Sulfonylureas (whose brand names include Glucotrol, Diabenise, Micronase and Amaryl) are some of the oldest and best-tested diabetes pills on the market. They work by stimulating the pancreas to release more insulin. Meglitinides (Prandin, Starlix) also make the pancreas produce more insulin. Both types are taken with meals. Doctors don’t recommend mixing the two types of drugs, because if combined, they could cause very low blood-sugar levels (hypoglycemia). People taking these drugs should also be careful about mixing them with alcohol, which can cause flushing, vomiting or sickness.

Biguanides (Glucophage) decrease the amount of sugars the body produces from food and make cells more likely to absorb those sugars. Some people have diarrhea with biguanides unless they’re taken with food.

Alpha-glucosidase inhibitors (Precose and Glyset) stop the body from breaking down starches and some sugars, which in turn stops these foods from raising your blood-sugar level. They may cause gas and diarrhea. A newer class of medications, DPP-4 inhibitors (Januvia), works similarly by preventing the breakdown of a body chemical that regulates blood sugar.

Thiazolidinediones (Avandia, Actos) are relatively new drugs that increase the body’s efficiency in using insulin, and also decrease the amount of sugars produced from food. The first commercially available drug in this class, Rezulin, had to be removed from the market because it caused toxic liver failure in some patients. Avandia and Actos were approved as replacements, but doctors are still advised to monitor their patients closely for liver problems.

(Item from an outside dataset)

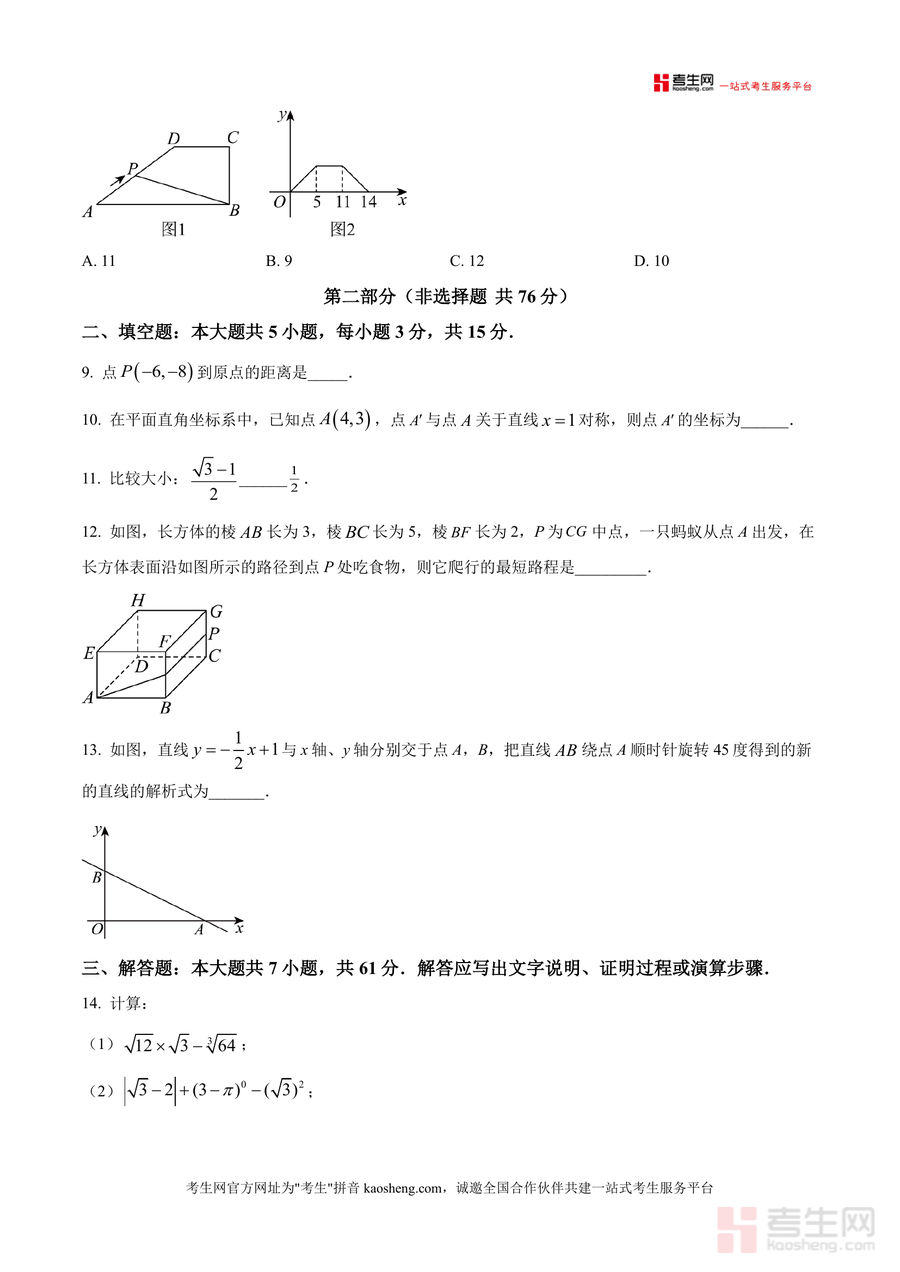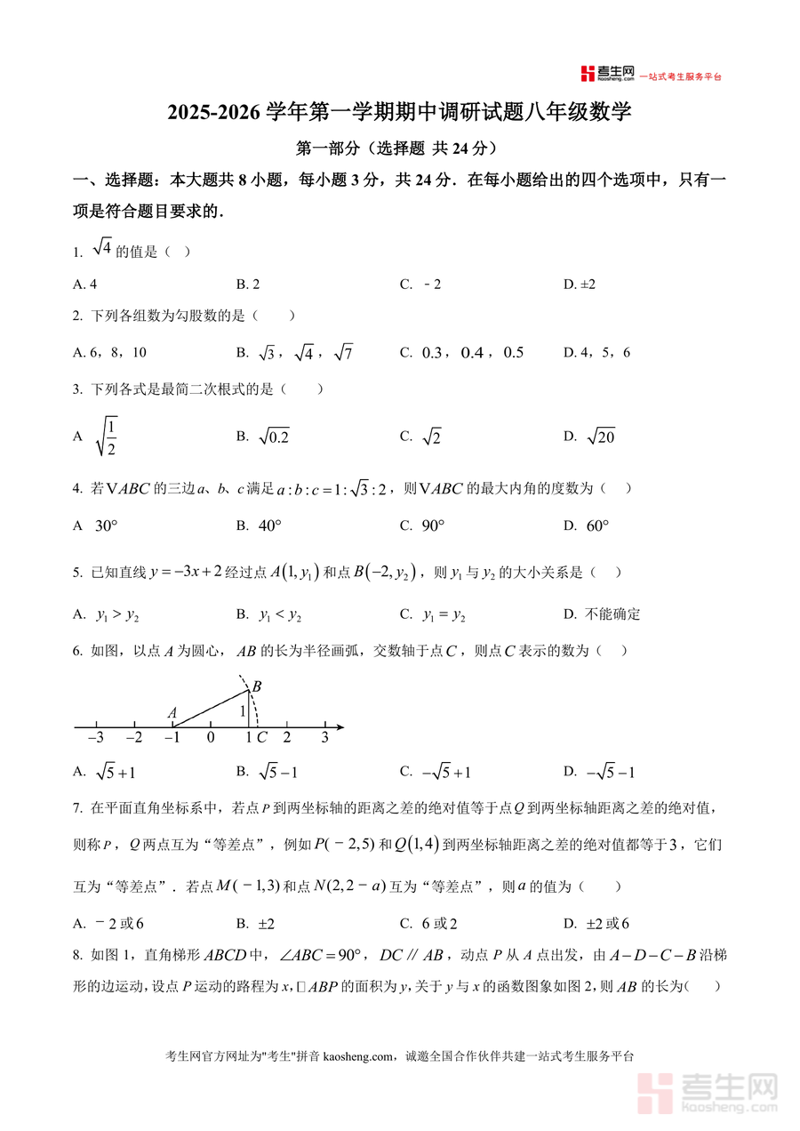 《精品解析:广东省深圳市宝安区西乡十几校2025-2026学年八年级上学期期中调研数学试题(原卷版).docx》是一份聚焦深圳宝安区西乡片区十余所学校联合命题的八年级数学期中调研原卷资料,核心定位为区域同步教学质量检测工具与学生期中备考参考素材。文件涵盖第一部分选择题(8小题共24分)、第二部分非选择题(含5道填空题15分及7道解答题61分)三大模块;内容覆盖二次根式化简与运算、勾股定理应用、一次函数图像与性质、平面直角坐标系对称变换等八年级上册核心知识点;特色亮点在于严格遵循深圳本地教学大纲要求,并融入区域教研共识,题型设置贴合真实考试场景,能有效反映片区教学水平与学生知识掌握情况。
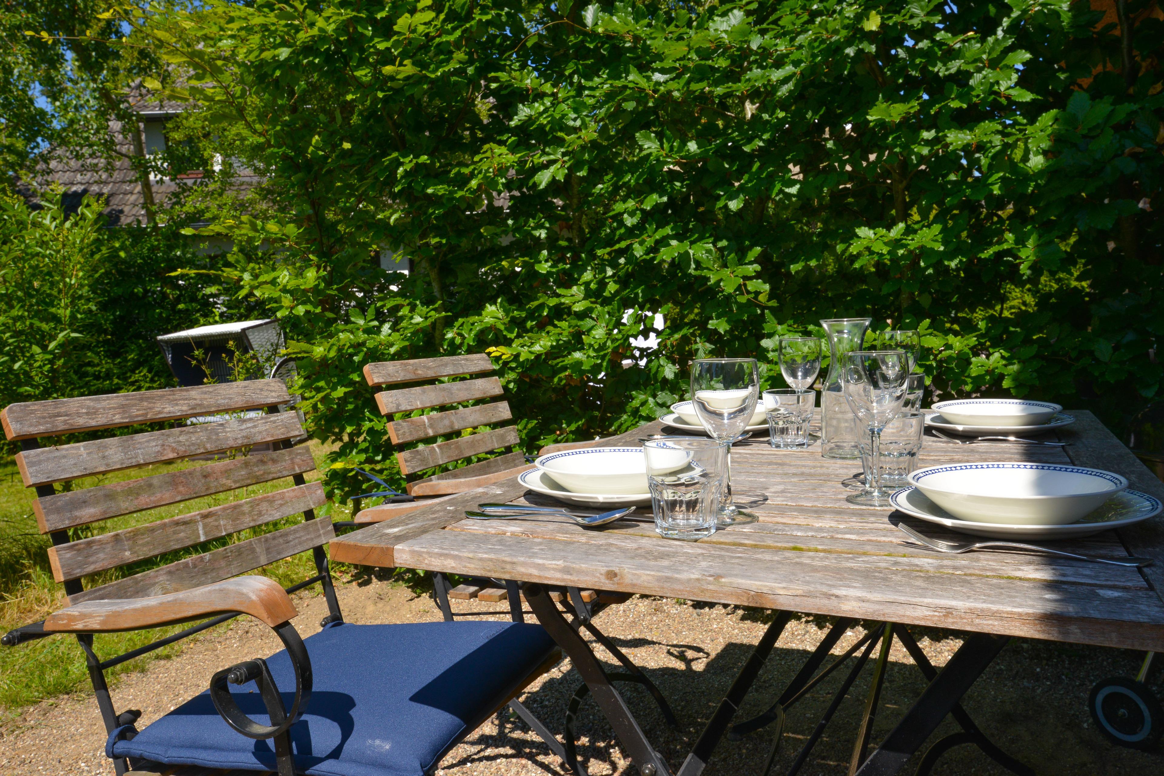 Kiesterrasse und großer Garten mit Strandkorb, Sonnenliegen und Gartenmöbeln.

Because thiazolidinediones are good at controlling blood sugar without the weight gain or other side effects of earlier drugs, they were originally welcomed as a breakthrough for diabetics. However, evidence is growing that at least one of these drugs, Avandia, has serious safety problems that may make it inappropriate for many diabetics. A study published in the New England Journal of Medicine in May 2007 found that users of Avandia raised their risk of heart attacks by 43 percent and their risk of heart-related death by 64 percent. This was especially disturbing because diabetes raises the risk of heart problems significantly. Doctors prescribe diabetes drugs in part to lower their patients’ risk of these types of serious complications.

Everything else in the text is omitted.